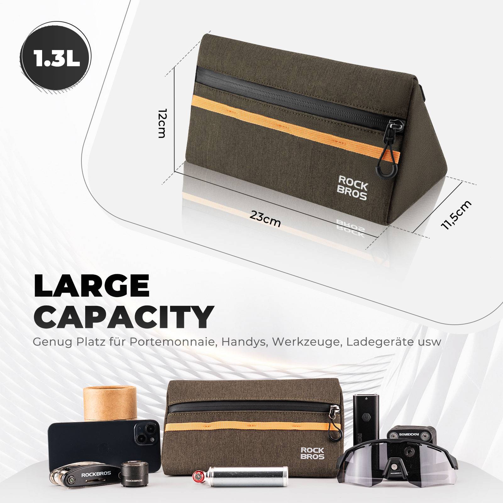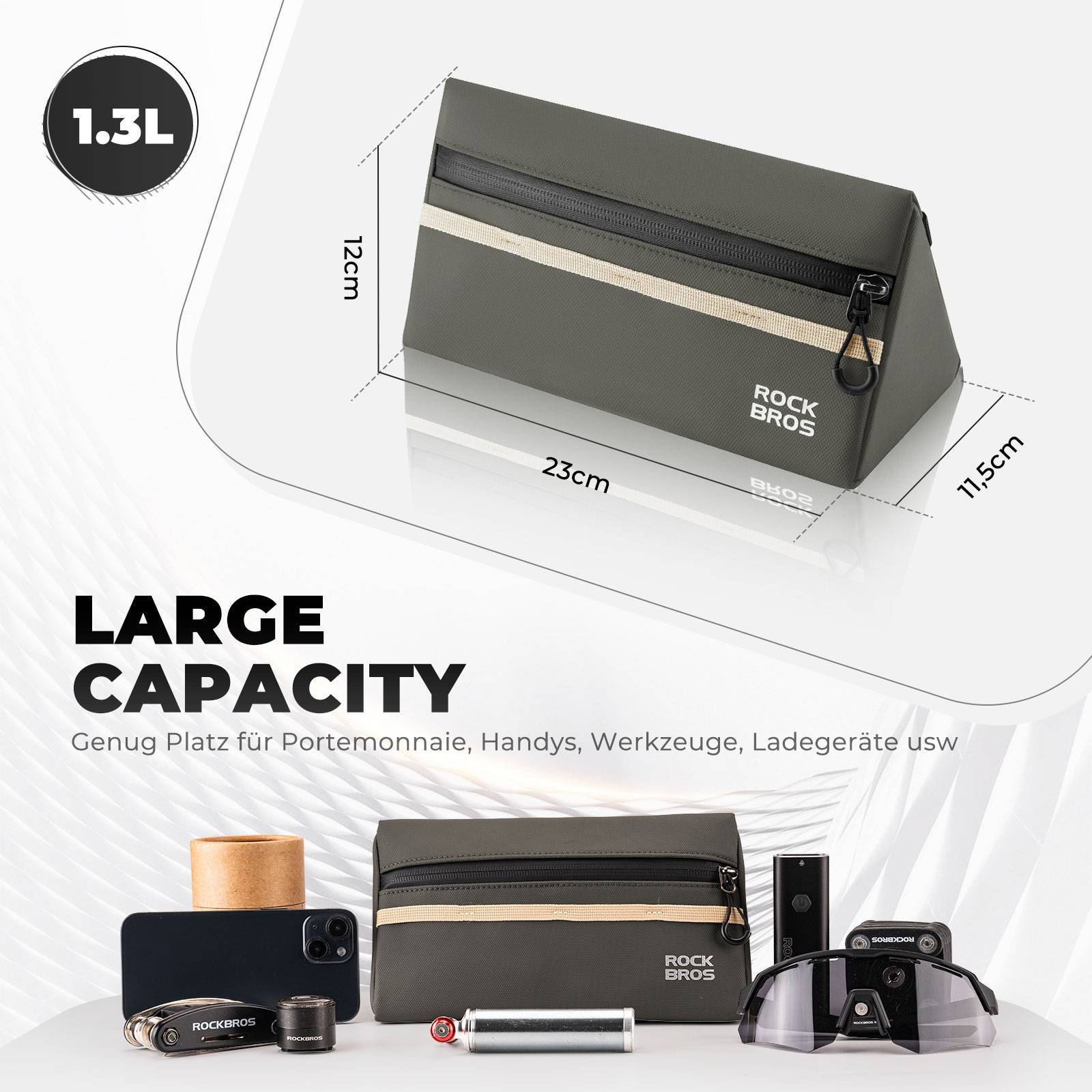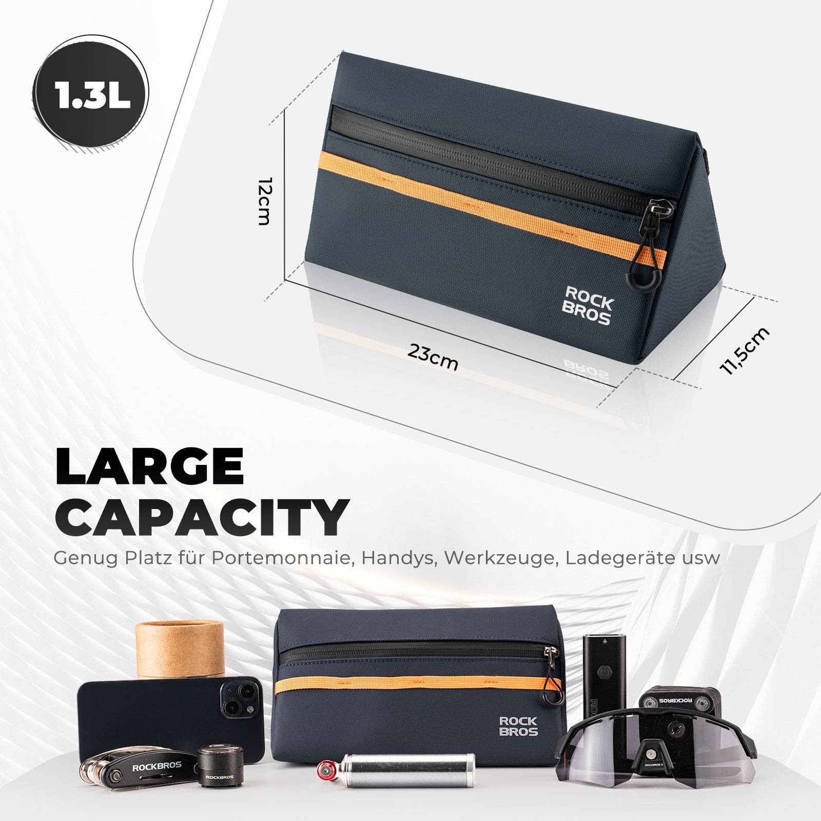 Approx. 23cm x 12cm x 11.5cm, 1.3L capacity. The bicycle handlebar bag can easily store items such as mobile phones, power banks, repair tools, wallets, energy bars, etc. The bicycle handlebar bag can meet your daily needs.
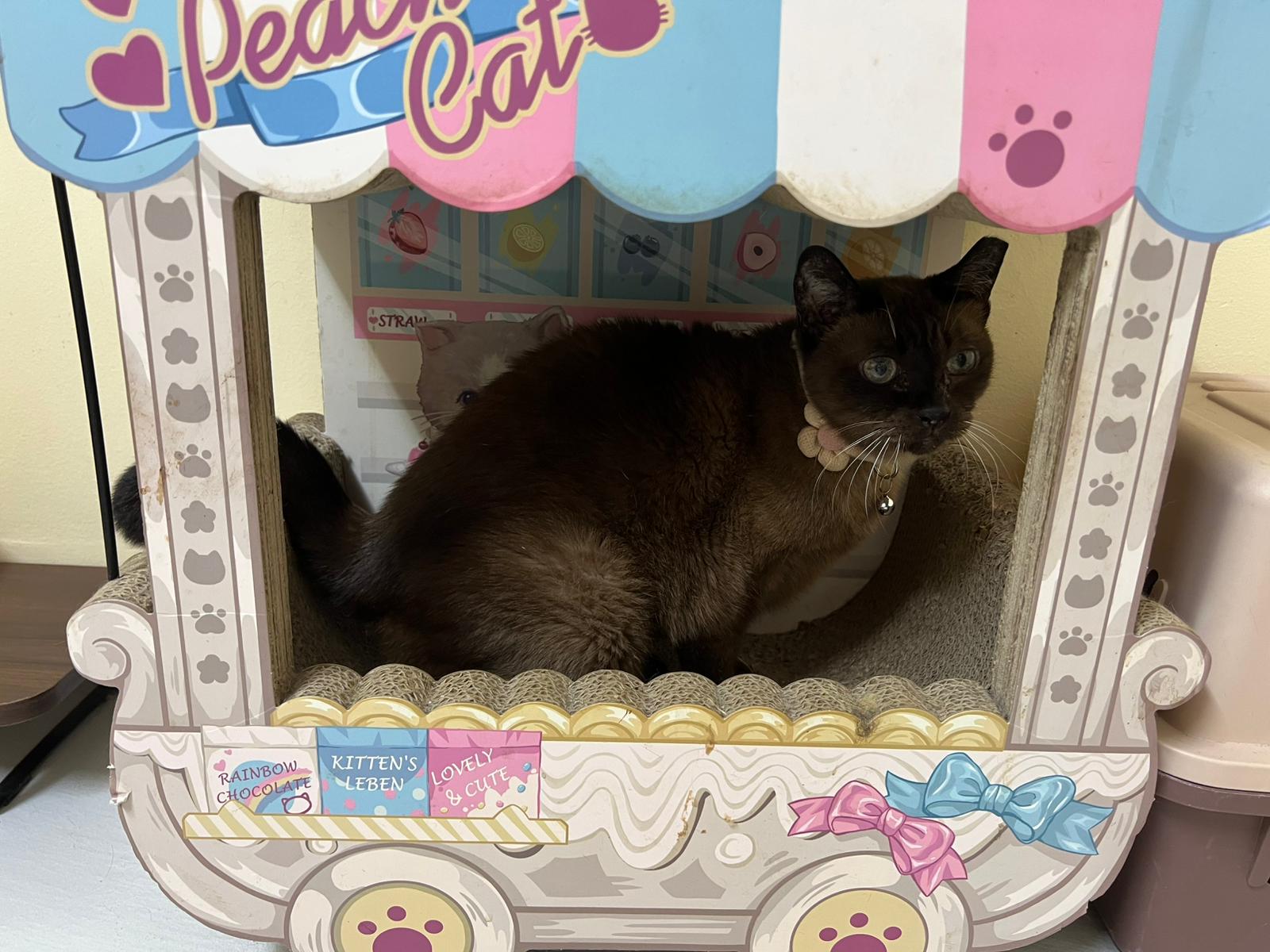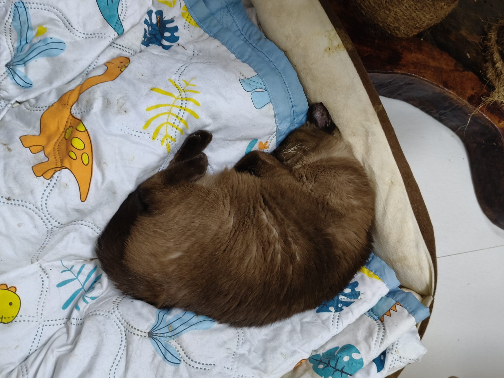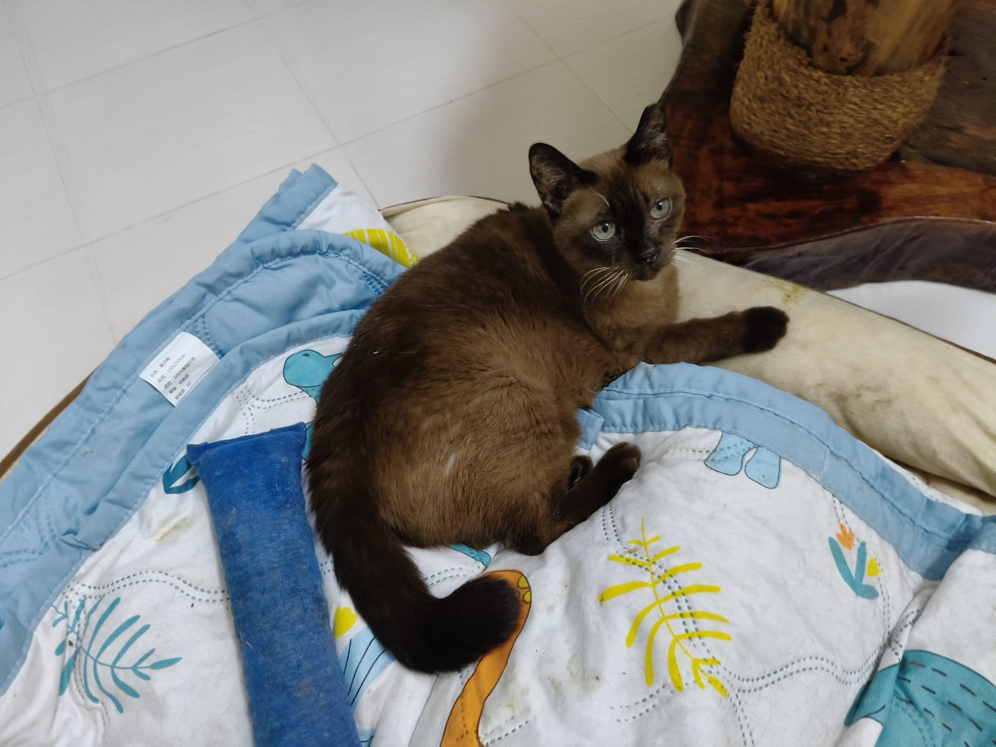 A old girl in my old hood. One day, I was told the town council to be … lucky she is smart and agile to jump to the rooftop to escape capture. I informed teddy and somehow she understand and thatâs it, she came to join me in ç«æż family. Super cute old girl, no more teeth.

* * *

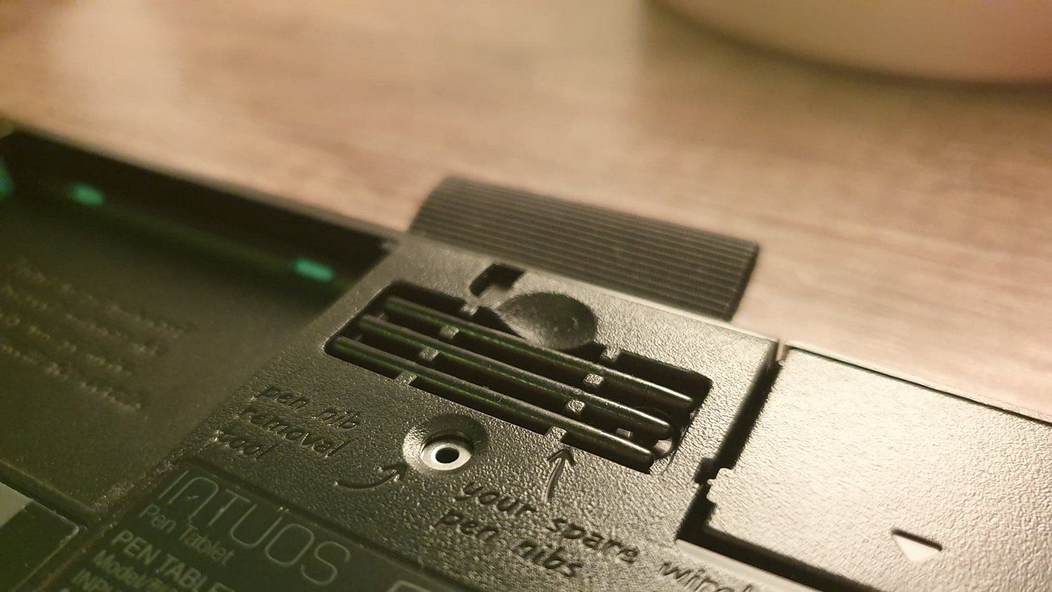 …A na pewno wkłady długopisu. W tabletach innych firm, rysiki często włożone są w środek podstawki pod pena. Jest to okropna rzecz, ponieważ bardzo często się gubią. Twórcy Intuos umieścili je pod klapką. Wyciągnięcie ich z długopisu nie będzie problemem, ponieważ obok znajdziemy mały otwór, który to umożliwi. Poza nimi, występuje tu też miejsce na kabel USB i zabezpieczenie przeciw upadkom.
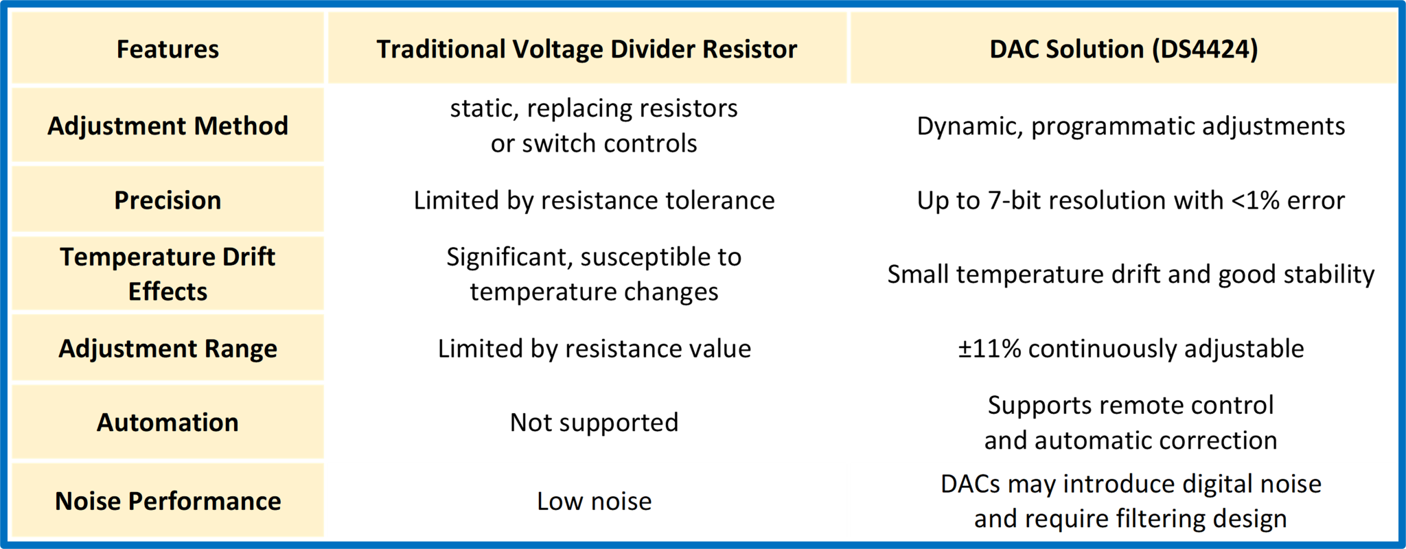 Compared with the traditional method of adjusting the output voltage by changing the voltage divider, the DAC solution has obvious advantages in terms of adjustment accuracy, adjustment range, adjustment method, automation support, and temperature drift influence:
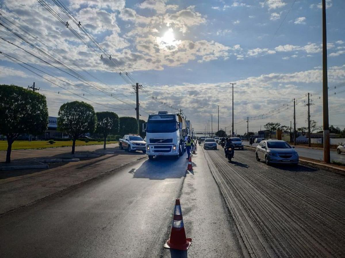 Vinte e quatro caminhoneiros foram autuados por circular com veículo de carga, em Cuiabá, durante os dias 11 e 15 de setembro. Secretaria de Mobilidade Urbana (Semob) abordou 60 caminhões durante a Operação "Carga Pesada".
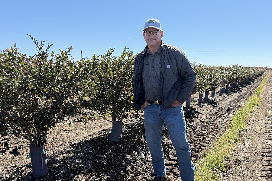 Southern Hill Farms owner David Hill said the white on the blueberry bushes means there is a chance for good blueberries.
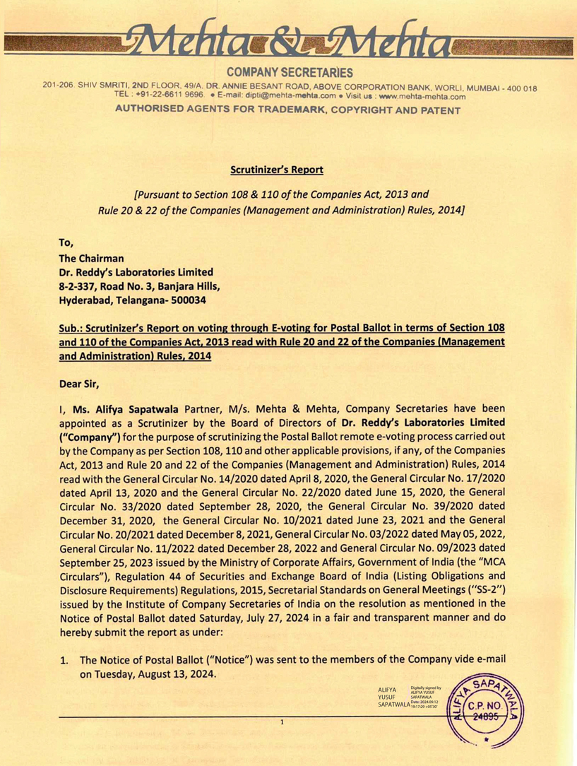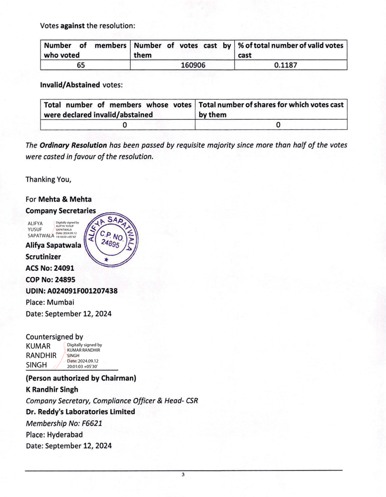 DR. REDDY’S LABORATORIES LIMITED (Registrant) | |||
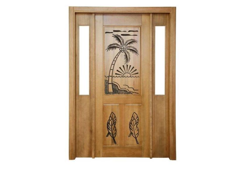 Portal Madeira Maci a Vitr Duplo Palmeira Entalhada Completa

*Task objective*. The material above holds pictures; leave them out. Repeat exactly the lines from the one containing "Southern Hill Farms" through the one containing "Portal Madeira Maci", and nothing else.

*Response below*.
 Southern Hill Farms owner David Hill said the white on the blueberry bushes means there is a chance for good blueberries.
 DR. REDDY’S LABORATORIES LIMITED (Registrant) | |||
 Portal Madeira Maci a Vitr Duplo Palmeira Entalhada Completa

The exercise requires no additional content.